By clicking “Sign up for GitHub”, you agree to our terms of service and privacy statement. We’ll occasionally send you account related emails.

Already on GitHub? Sign in to your account

Crash and Poor Performance Issues with 3D Stencil Computation using autoscheduler=Adams2019 #8400

Open
lsh2233 opened this issue Aug 27, 2024 · 0 comments

Comments

@lsh2233
Copy link

lsh2233 commented Aug 27, 2024

I'm experiencing issues while testing the performance of a 3D stencil computation in Halide using the autoscheduler Adams2019. The computation is defined as:

output(x, y, z) = k0 * input(x - 1, y, z) + k1 * input(x, y - 1, z) + k2 * input(x, y, z - 1) + k3 * input(x + 1, y, z) + k4 * input(x, y + 1, z) + k5 * input(x, y, z + 1) + k6 * input(x, y, z)

The computation works perfectly when using the Mullapudi2016 autoscheduler. However, with Adams2019, I encounter two major issues:

  1. Crash with Specific Input Shape: When the input has the shape [256, 256, 256], the program crashes.
  2. Poor Performance with Other Input Shapes: For other input shapes, the computation runs extremely slowly, far slower than expected.
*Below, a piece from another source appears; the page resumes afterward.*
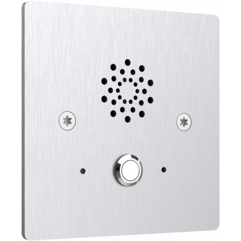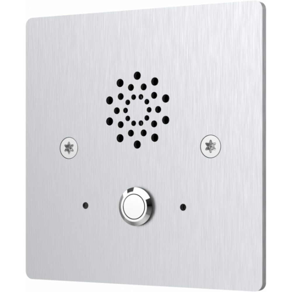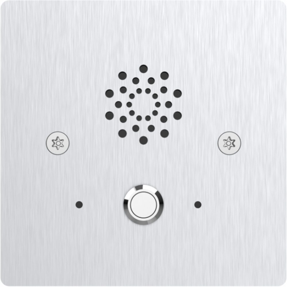 Кнопочная станция экстренного вызова Akuvox E20S размером с ладонь изготовлена из нержавеющей стали марки 316. E20S может использоваться при монтаже в настенных коробках типа 1299 и 86.

Like: shape[512,512,512], Manually-tuned time: 9.90154 s, Auto-scheduled time: 173.521 s

Below is my Halide generator code:

#include "Halide.h"

#define k0 0.1f
#define k1 0.2f
#define k2 0.1f
#define k3 0.2f
#define k4 0.2f
#define k5 0.2f
#define k6 0.1f

const int zdim = 1024;
const int ydim = 1024;
const int xdim = 1024;

namespace
{

    class StencilChain : public Halide::Generator<StencilChain>
    {
    public:
        Input<Buffer<float, 3>> input{"input"};
        Output<Buffer<float, 3>> output{"output"};

        void generate()
        {
            Var x("x"), y("y"), z("z");

            Func clamped("clamped");
            Expr clamped_x = clamp(x, 1, input.width() - 1);
            Expr clamped_y = clamp(y, 1, input.height() - 1);
            Expr clamped_z = clamp(z, 1, input.channels() - 1);
            clamped(x, y, z) = input(clamped_x, clamped_y, clamped_z);

            // The algorithm
            output(x, y, z) = k0 * clamped(x - 1, y, z) + k1 * clamped(x, y - 1, z) + k2 * clamped(x, y, z - 1) + k3 * clamped(x + 1, y, z) + k4 * clamped(x, y + 1, z) + k5 * clamped(x, y, z + 1) + k6 * clamped(x, y, z);

            Var yi, xi, zi;

            input.set_estimates({{0, xdim}, {0, ydim}, {0, zdim}});
            output.set_estimates({{0, xdim}, {0, ydim}, {0, zdim}});
            if (using_autoscheduler())
            {
                // nothing
            }
            else
            {
                const int vec = natural_vector_size<float>();
                output
                    .split(y, y, yi, 32)
                    .parallel(z)
                    .vectorize(x, vec);
            }
        }
    };

} // namespace

HALIDE_REGISTER_GENERATOR(StencilChain, stencil_chain)

Environment:

  • Halide version: 18.x(commit a6f5ca4)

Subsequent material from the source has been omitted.